• [EXERCISE AIM]:
Could you give the listing again exactly, without its pictures?

• [COLLECTED DATA]:
Segment Open

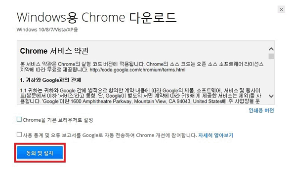 아래 화면을 참고하시고 [동의 및 설치] 버튼을 클릭!
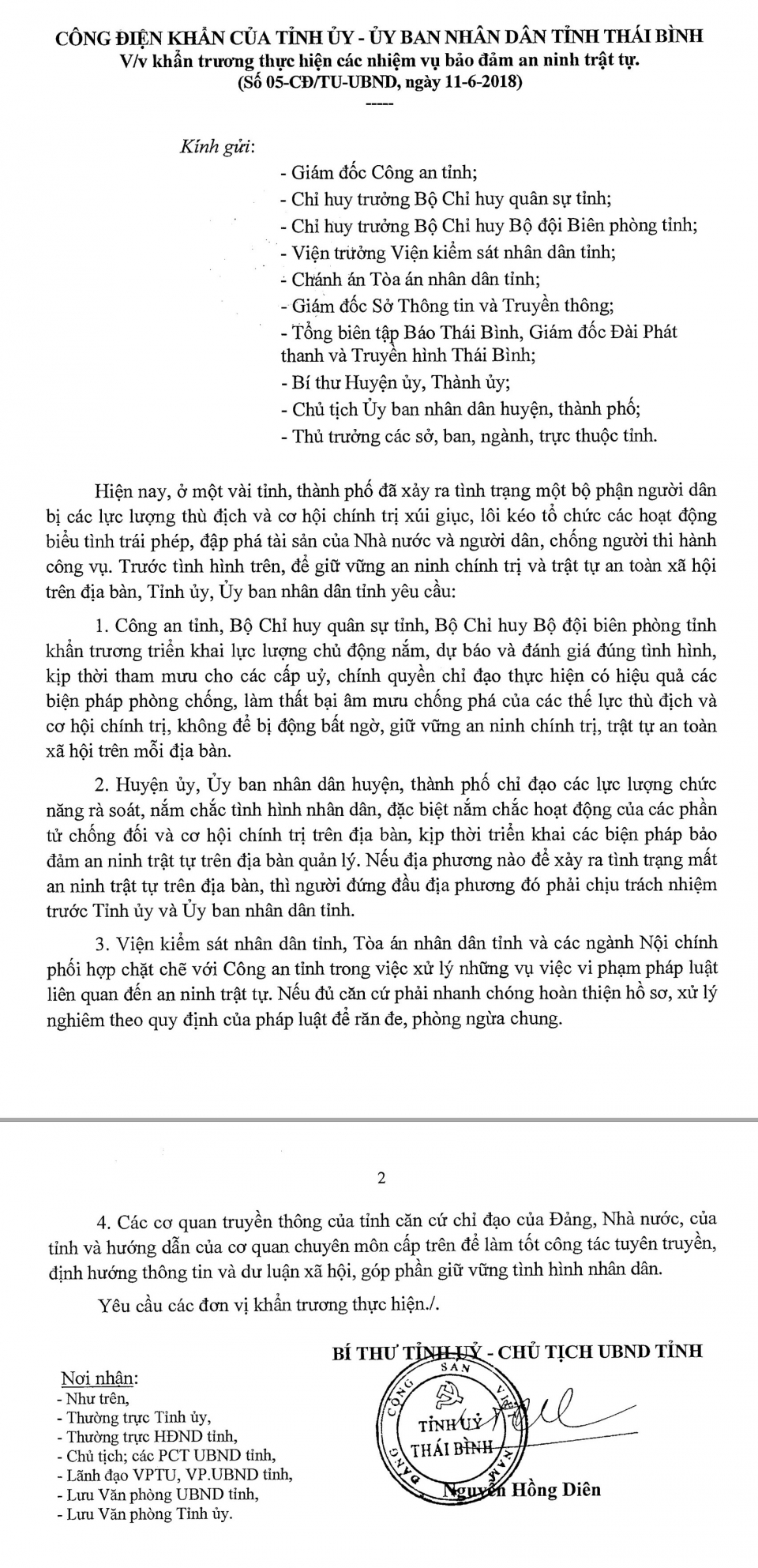Ngày 11/06/2018, Tỉnh ủy - Ủy ban nhân dân tỉnh Thái Bình ra Công điện khẩn số 05-CĐ/TU-UBND về việc khẩn trương thực hiện các nhiệm vụ bảo đảm an ninh trật tự.
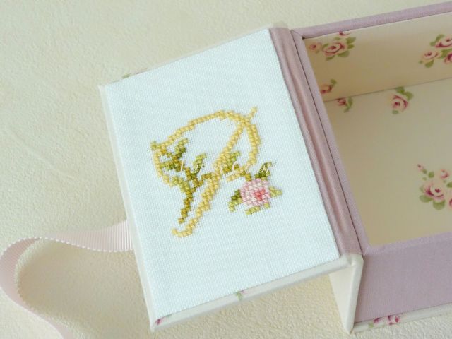 こちらは『クロス・ステッチ復刻図案集』という本を参考に刺しました。笹尾多恵さんの図案です。アルファベットに薔薇がデザインされていて素敵ですよね♡
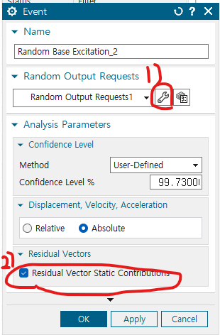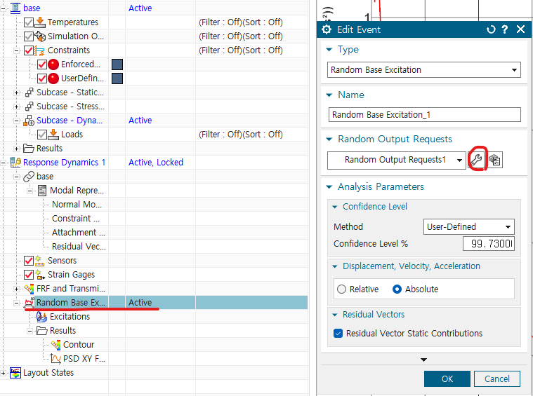 - 그리고 Random Base excitation 우클릭 -> Edit Attributes -> Random Output request 설정 들어가기

Segment Closed

• [RESPONSE TO THIS TASK]:
 아래 화면을 참고하시고 [동의 및 설치] 버튼을 클릭!
Ngày 11/06/2018, Tỉnh ủy - Ủy ban nhân dân tỉnh Thái Bình ra Công điện khẩn số 05-CĐ/TU-UBND về việc khẩn trương thực hiện các nhiệm vụ bảo đảm an ninh trật tự.
 こちらは『クロス・ステッチ復刻図案集』という本を参考に刺しました。笹尾多恵さんの図案です。アルファベットに薔薇がデザインされていて素敵ですよね♡
 - 그리고 Random Base excitation 우클릭 -> Edit Attributes -> Random Output request 설정 들어가기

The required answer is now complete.